--- Assignment ---
Please return only the lines from the one showing "- Panoramatický výhled: Ukažte" to the end of the entries, keeping both ends and dropping every picture.

--- Data to examine ---
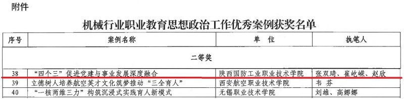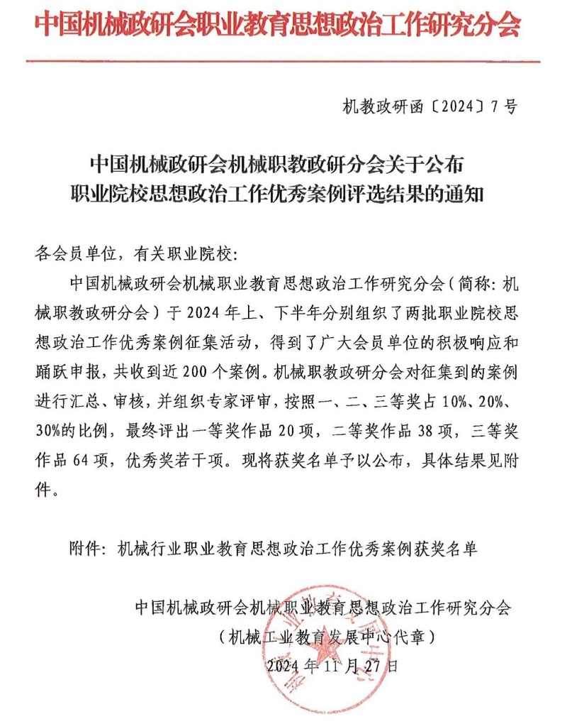 11月27日,中国机械政研会职业教育思想政治工作研究分会公布了基层思想政治工作优秀案例,我校人工智能学院张双琦、崔屹嵘、赵欣等报送的《“四个三”促进党建与事业发展深度融合》荣获二等奖。
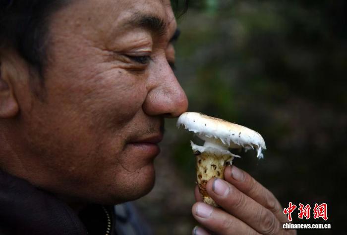 8月28日,扎稱在甘孜州鄉(xiāng)城縣色壩村細嗅松茸。 中新社記者 王磊 攝
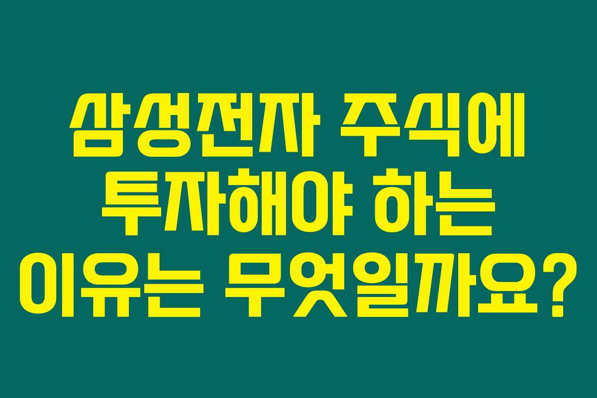 삼성전자 주식에 대한 고민을 하고 계신가요? 이미 삼성전자 주식에 투자할까 고민 중이시라면, 아래의 정보를 반드시 확인해보세요. 삼성전자는 단순한 기업이 아닌 미래를 함께 만들어가는 파트너라고 생각해요. 이 글에서는 삼성전자 주식에 투자해야 하는 이유들에 대해 알아볼게요.
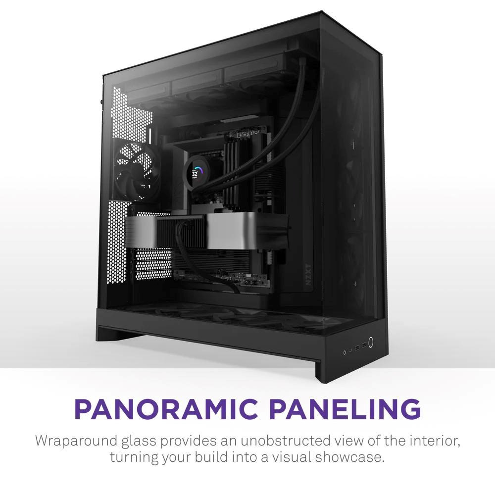 - Panoramatický výhled: Ukažte každý detail své sestavy díky bezproblémovému obklopujícímu panelu z tvrzeného skla.
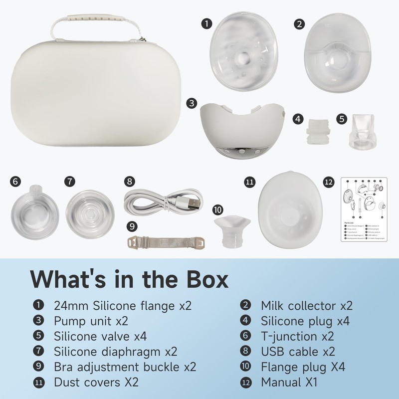 Breast Pump Hands Free Wearable Portable Electric Breast Pump with 4 Modes & 12 Levels, Rechargeable & Smart Display Double Breastfeeding Pump, 24/21/19mm Flange, 2 Pack
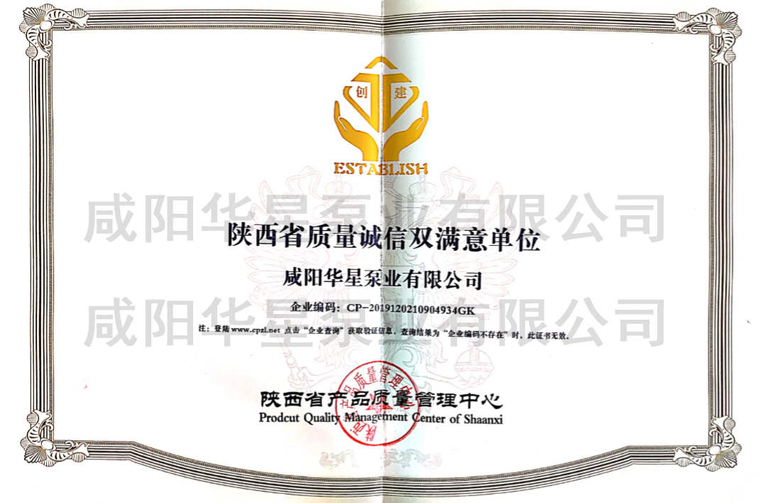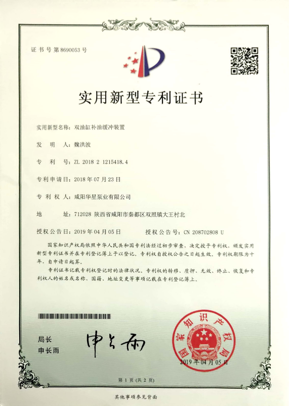 咸陽華星泵業(yè)有限公司專利證書

--- Exercise output ---
 - Panoramatický výhled: Ukažte každý detail své sestavy díky bezproblémovému obklopujícímu panelu z tvrzeného skla.
 Breast Pump Hands Free Wearable Portable Electric Breast Pump with 4 Modes & 12 Levels, Rechargeable & Smart Display Double Breastfeeding Pump, 24/21/19mm Flange, 2 Pack
 咸陽華星泵業(yè)有限公司專利證書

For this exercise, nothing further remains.